Dalmo Duque dos Santos
Andragogia é a prática educativa iniciática que, desde
remotíssimos tempos, vem sendo utilizada em núcleos filosófico-religiosos. Ela
visa, sobretudo, a formação de agentes multiplicadores (discípulos) de uma
determinada doutrina.
A iniciação, como técnica didática, é idêntica no que
diz respeito à sua essência educativa e varia somente nas suas aplicações
culturais, sendo comum tanto nas mais simples práticas primitivas tribais até
as mais sofisticadas instituições sacerdotais. O pagé indígena, o feiticeiro ou
curandeiro tribal, o padre católico, o pastor protestante, o xamã, o bruxo, o
mago, o gurú, o pai-de-santo, a rezadeira ou benzedeira, todos são iniciados em
suas respectivas áreas de conhecimento, obedecendo princípios e regras
educativas necessárias ao exercício de suas funções ou papéis.

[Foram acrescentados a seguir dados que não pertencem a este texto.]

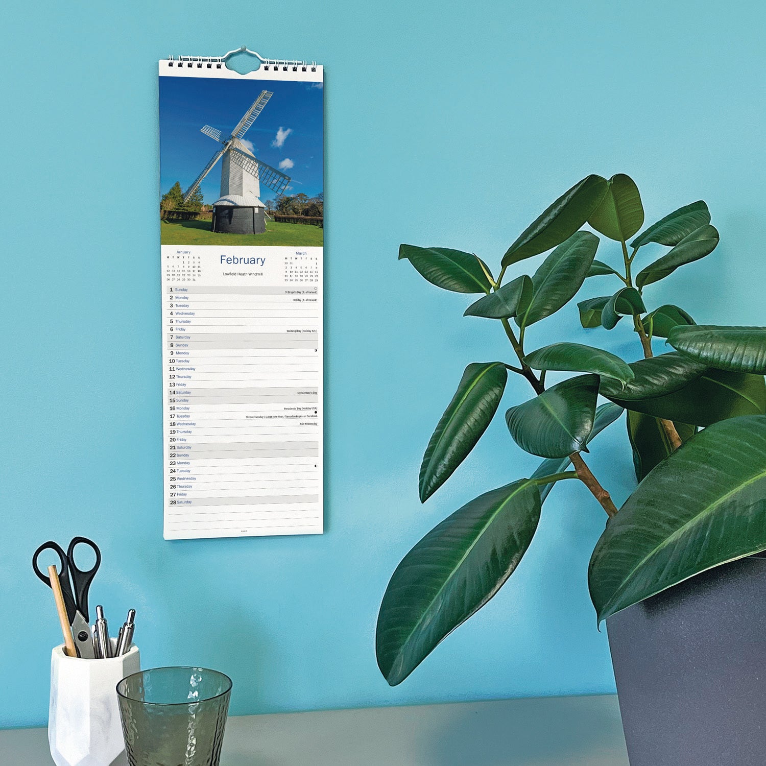 Our best-selling slim calendar fits neatly in narrow spaces with its list format under a new image for each month.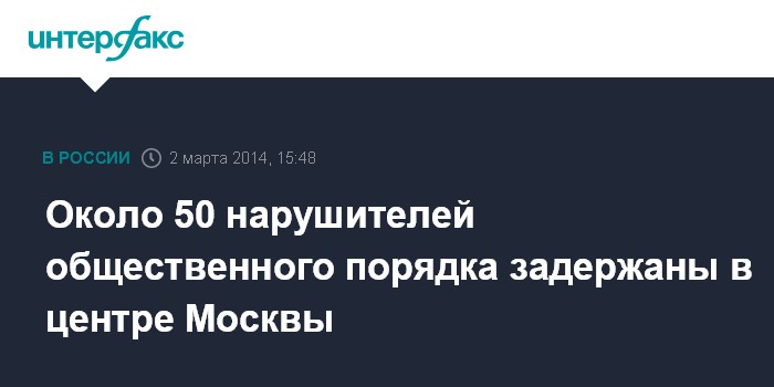 Москва. 2 марта. INTERFAX.RU - В центре Москвы задержано около 50 человек за нарушение общественного порядка, сообщили "Интерфаксу" в пресс-службе ГУ МВД РФ по Москве. "В центре города в воскресенье собралось около 150 человек, включая большое количество представителей СМИ и блогеров", - отметили в пресс-службе главка.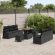 vidaXL Vrtna sedežna garnitura s shranjevanjem 9 pcs Črna Poly ratan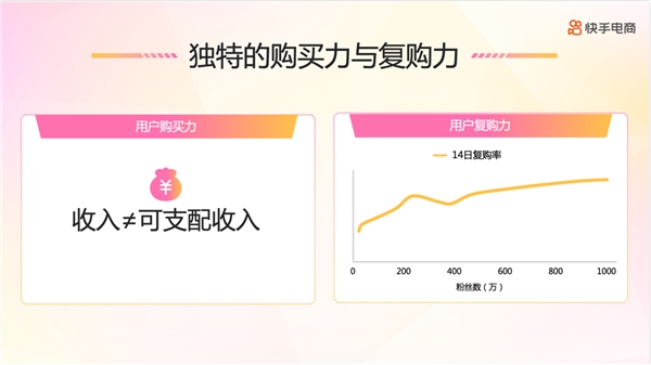 第三個,客單價。有一些品牌經(jīng)營者并不是快手深度用戶,所以對新一線城市收入和可支配收入這兩個概念有一定混淆。新一線城市收入確實沒有北上廣高,但可支配收入未必,例如疫情對于新一線城市的影響相對比較小,但對一線城市影響非常巨大。所以小鎮(zhèn)青年和一線城市群體都具有獨特的購買力。而快手這三種價值也正被越來越多品牌所認識。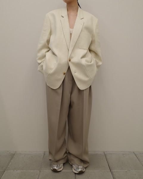 上質なリネン100%生地を使用し、オリジナルカラーに染めたジャケット。自然な張りや艶感、奥行きのある色味が表情豊かに映える一枚です。TODAYFULらしいオーバーサイズのシルエットで仕上げ、マニッシュなムードを漂わせながらもラフに羽織れるデザイン。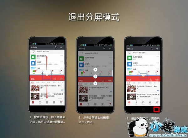 其次,点击分屏线中间按钮,用【×】关闭,想关闭哪个屏的应用就点击哪个屏上的叉叉;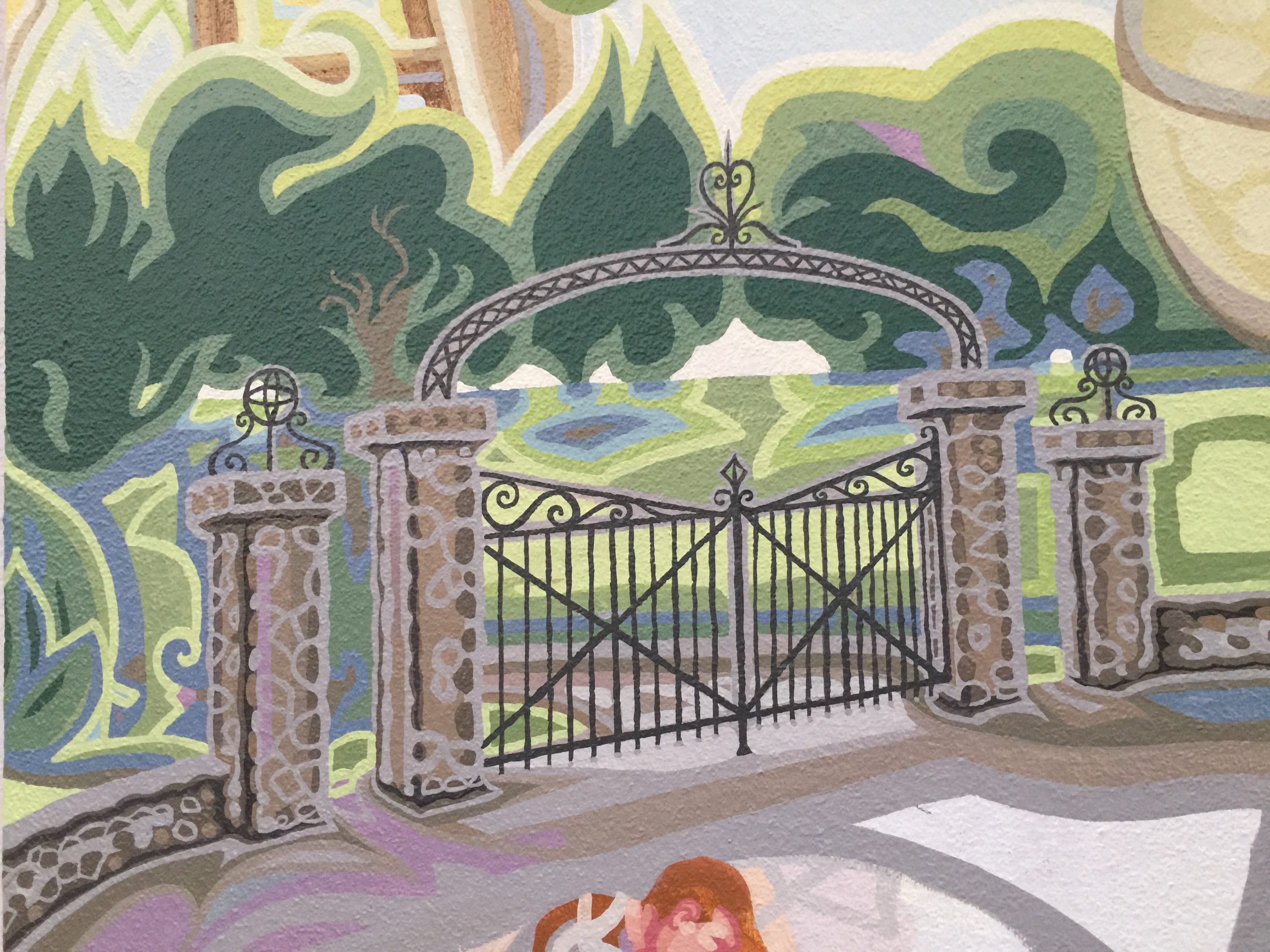 The remainder of the labor panel, which honors all the work we do with our bodies and hands, shows the 1940 WPA project consisting of the low stone wall built around Todd Grove Park and its accompanying beautiful wrought iron gate.

Nas civilizações teocráticas da Antiguidade oriental
esse tipo de prática educativa foi predominante porque a camada sacerdotal
tinha grande influência social e política. O sacerdócio era um status
diferenciado e altamente prestigiado nessas sociedades.
A introdução da educação iniciática oriental no mundo
ocidental se deu através do contato da civilização greco-romanos com as
culturas do Egito, da índia e da China. Sábios gregos como Heródoto, Platão e
Pitágoras freqüentaram núcleos iniciáticos orientais. Mas a própria metodologia
de ensino de Sócrates (a maiêutica e a ironia) funciona como um processo de
iniciação no qual o discípulo tinha que romper barreiras e obstáculos para
vencer etapas de aprendizagem. De todos esses sábios do Ocidente, Pitágoras foi
o que mais se destacou nesse setor , criando uma escola iniciática de grande
prestígio na qual se ensinava ao mesmo tempo o conhecimento racional , o
fenomenal exterior (exotérico) e o fenomenal interior ou emocional (esotérico).

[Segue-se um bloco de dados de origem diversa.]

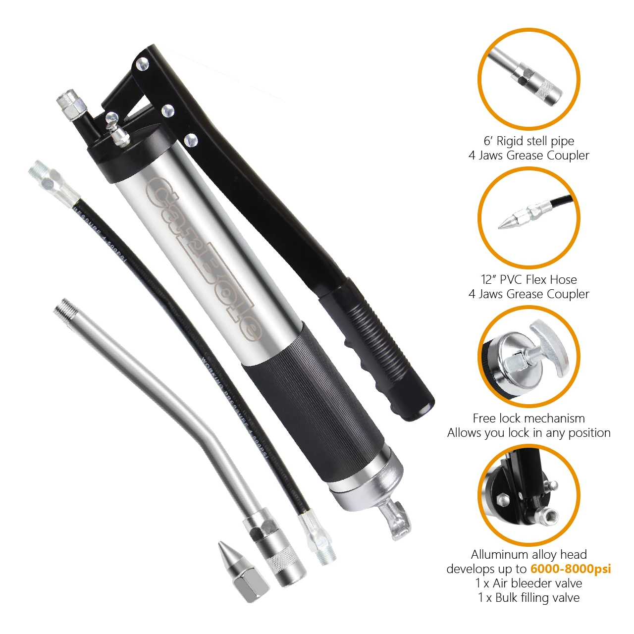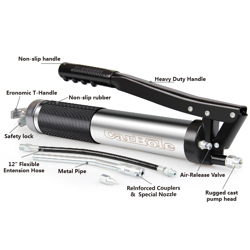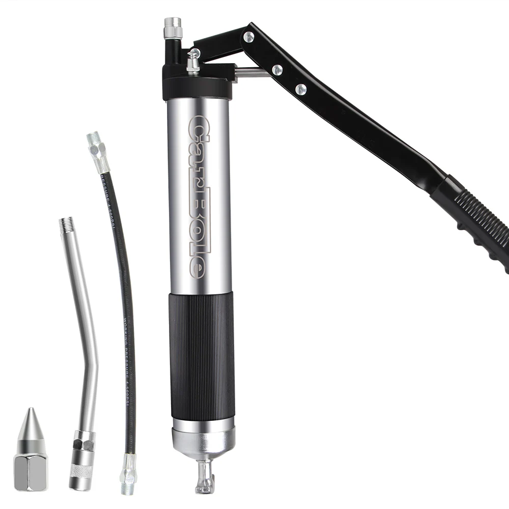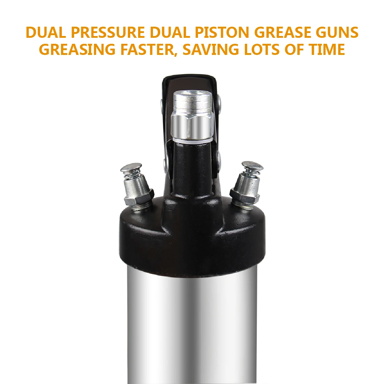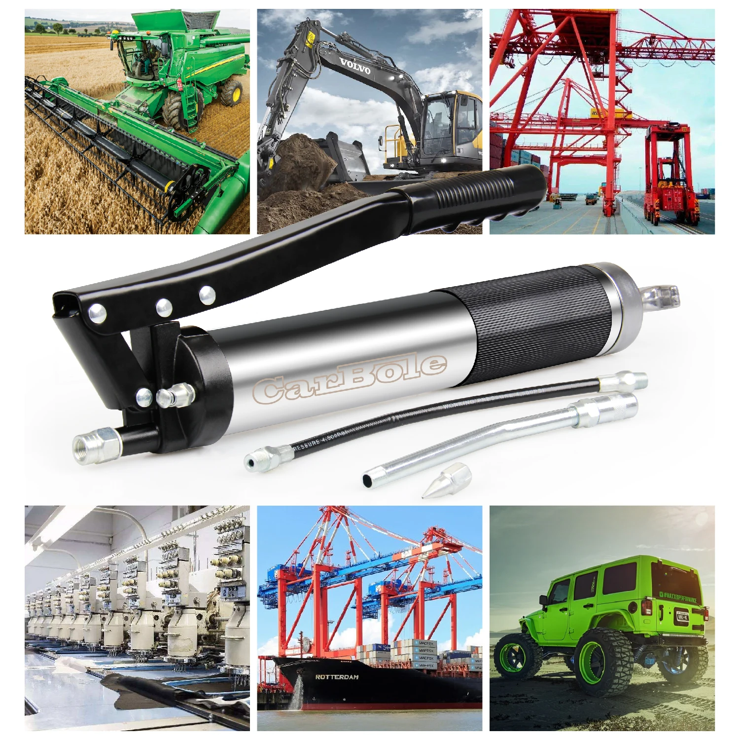 Преимущества продукта: двухбар смазочного пистолета, экономия труда, быстрый выход масла, выход масла в два раза больше, чем горизонтальный бар смазочного пистолета.

A Matemática pitagórica tanto abrange o aspecto racional do universo (geometria)
como o aspecto místico, como a teoria da perfeição numérica centenária.
Na Idade Média, em plena Era Metafísica, a educação
iniciática, voltou a ser praticada nos círculos de elite, como contestação e
alternativa ao monopólio cultural teológico da Igreja (ordens religiosas em
mosteiros e conventos).
Nessas sociedades secretas ocultistas os homens cultos
e inquietos se reuniam para aprender e desenvolver conhecimentos proibidos. A
Maçonaria é um exemplo desses núcleos, cuja origem foi a corporação de ofício
dos pedreiros ou construtores ( do francês “masson” ou fazedor de massa).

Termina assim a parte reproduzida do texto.